From 35a9fe41afd638b5230ad3d7a6ab60acbbbee458 Mon Sep 17 00:00:00 2001
From: Yi Wang <yi.wang.2005@gmail.com>
Date: Mon, 7 May 2018 15:35:23 -0700
Subject: [PATCH] update

---
 paddle/fluid/operators/matmul_op.cc |  4 +--
 paddle/fluid/operators/matmul_op.h  | 44 ++++++++++++++++-------------
 2 files changed, 26 insertions(+), 22 deletions(-)

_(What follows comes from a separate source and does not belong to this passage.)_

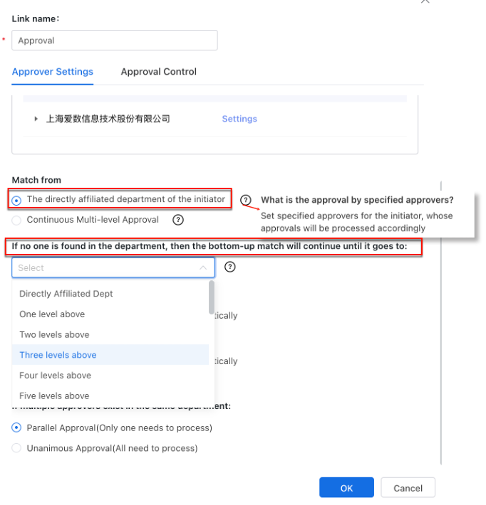 Then configure the matching hierarchy level. When enabled, set fallback approval chains for initiators without pre-assigned approvers

diff --git a/paddle/fluid/operators/matmul_op.cc b/paddle/fluid/operators/matmul_op.cc
index c285d461e85619..0440994f53b6f6 100644
--- a/paddle/fluid/operators/matmul_op.cc
+++ b/paddle/fluid/operators/matmul_op.cc
@@ -37,9 +37,9 @@ class MatMulOp : public framework::OperatorWithKernel {
     auto dim_x = context->GetInputDim("X");
     auto dim_y = context->GetInputDim("Y");
 
-    auto mat_dim_x = math::GetMatDim(GetXDim(dim_x), 0,
+    auto mat_dim_x = math::GetMatDim(ReshapeVectorToRowMatrix(dim_x), 0,
                                      context->Attrs().Get<bool>("transpose_X"));
-    auto mat_dim_y = math::GetMatDim(GetYDim(dim_y), 0,
+    auto mat_dim_y = math::GetMatDim(ReshapeVectorToColumnMatrix(dim_y), 0,
                                      context->Attrs().Get<bool>("transpose_Y"));
 
     PADDLE_ENFORCE_EQ(mat_dim_x.width_, mat_dim_y.height_);
diff --git a/paddle/fluid/operators/matmul_op.h b/paddle/fluid/operators/matmul_op.h
index 7b484d124a7bc9..a8a5b16dbaef0e 100644
--- a/paddle/fluid/operators/matmul_op.h
+++ b/paddle/fluid/operators/matmul_op.h
@@ -11,12 +11,13 @@ distributed under the License is distributed on an "AS IS" BASIS,
 WITHOUT WARRANTIES OR CONDITIONS OF ANY KIND, either express or implied.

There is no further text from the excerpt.